England is now a country of very temperate, very intemperate, and very abstemious people. If a man belongs to the refined classes he will probably take wine in moderation, perhaps in great moderation; if he belongs to the humbler classes he may be a besotted drunkard, a sober workman who appreciates a glass of beer, or an apostle of total abstinence with a blue ribbon in his button-hole. The country spends too much in drink, but its expenditure is gradually diminishing, and the burden of it falls very unequally on the citizens. Looking to the future, which is more interesting than the past, I may add that it is hopeful for England, which is improving, and discouraging for France, which is going from bad to worse.

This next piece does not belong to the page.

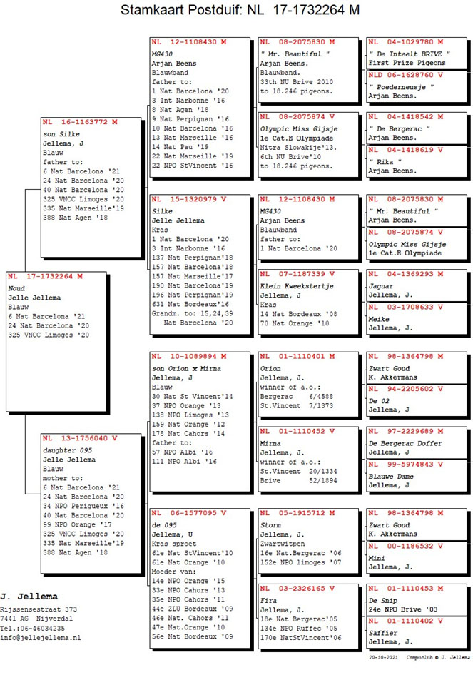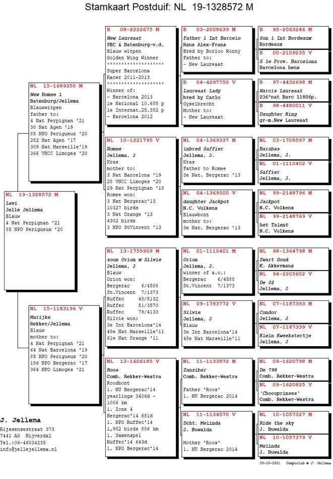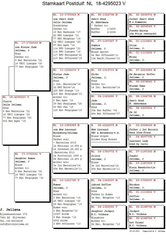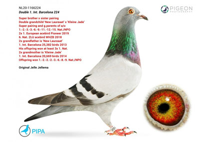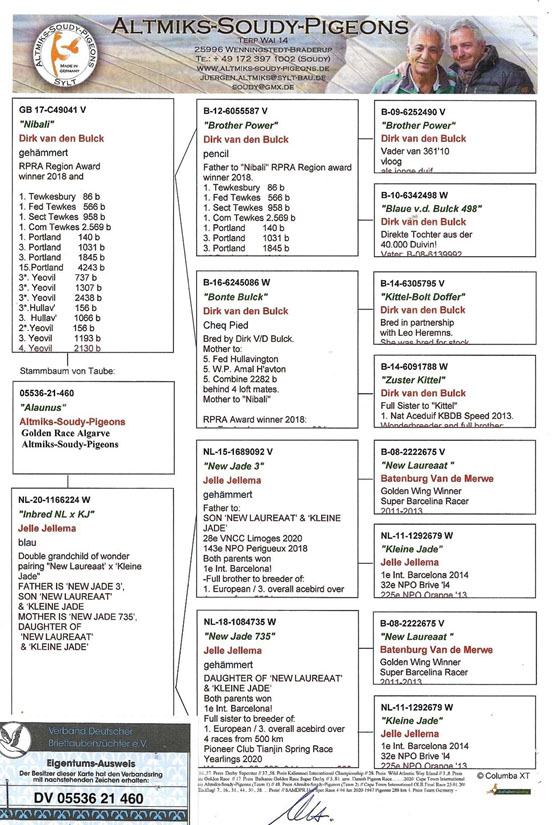 耶勒以“布麗塔”(BE19-4195209 Britta)和“蕾娜直子”(NL19-1328595 son Rena )獲得長距離2000聯盟最佳頭銜前名次。“布麗塔”引進自卡羅.吉塞布賴特,眾所周知卡羅.吉塞布賴特擁有一支傑出的種鴿隊伍。通過與卡羅的合作作育的“布麗塔”增強了耶勒比賽戰隊中實力。這羽雌鴿獲得2021年NPO利蒙治6位、波品納全國21位和馬賽全國63位。“蕾娜直子”獲得2021年波品納全國4873與159位和馬賽全國4310羽176位,由耶勒本人作育。下面我們再次看到了巴賽隆納國際冠軍成為成功的基礎,因為祖父母包括“小碧玉”和“特殊的一個”(FR12-034553 Special One)。“蕾娜直子”的母親“蕾娜”(NL14-1559583 Rena)本身獲得2016年波城3788羽5位、2018年巴賽隆納全國8位和2016年馬賽全國3320羽30位。

As to eating, the English are rarely either gourmands or gourmets, but they have a rooted belief in the value of an abundant flesh diet, which cannot be good for health unless accompanied by hard exercise. Although the English are not extravagant like the French from a love of expensive delicacies, they are extravagant in the display of great abundance. Immense pieces of the finest meat in the world appear on English tables, and then disappear to be replaced by others equally imposing. People tell you of the quantities eaten by their servants with a smile of indulgence. In the poorer classes there is waste of another kind from simple ignorance and want of culinary economy and art. In a French household the smallest fragments make a little dish, and nothing is lost; in England this kind of economy is practised least where it would be most required. In the French middle and lower classes the daily use of soups is an economy, as the soup is the final save-all of the little establishment, and it presents the materials in the most nourishing and digestible form. As to extravagance, the well-to-do French and English may be equally extravagant, but in different ways, and as to temperance in eating, there is little difference. The French eat heavier meals, but they eat less frequently. Each nation accuses the other of over-eating, and doctors say that the accusation is merited in both cases.
One is sometimes struck in England by the combination of a very stately service with a very plain table. Fine linen, expensive plate, formidably dignified servants, and all this ceremony about a leg of mutton and some boiled potatoes. Thackeray amused himself with noting this contrast. It is a revelation of English character, which is deeply attached to state and style, but is really not given over to sensual pleasures. Occasionally the English go rather far, perhaps, in the direction of plain living. The total abstainer gives you pure water, the very moderate drinker forgets to pass the decanter, and so do his servants. I remember being invited once to an early dinner in the country and riding to it several miles in drenching rain. I was cold and wet, for it was winter, and I looked forward confidently to warm old English hospitality; but my host had principles, and principles are nothing if you do not act up to them, so he gave me a slice of cold beef with a glass of cold water. That menu was easily and long remembered.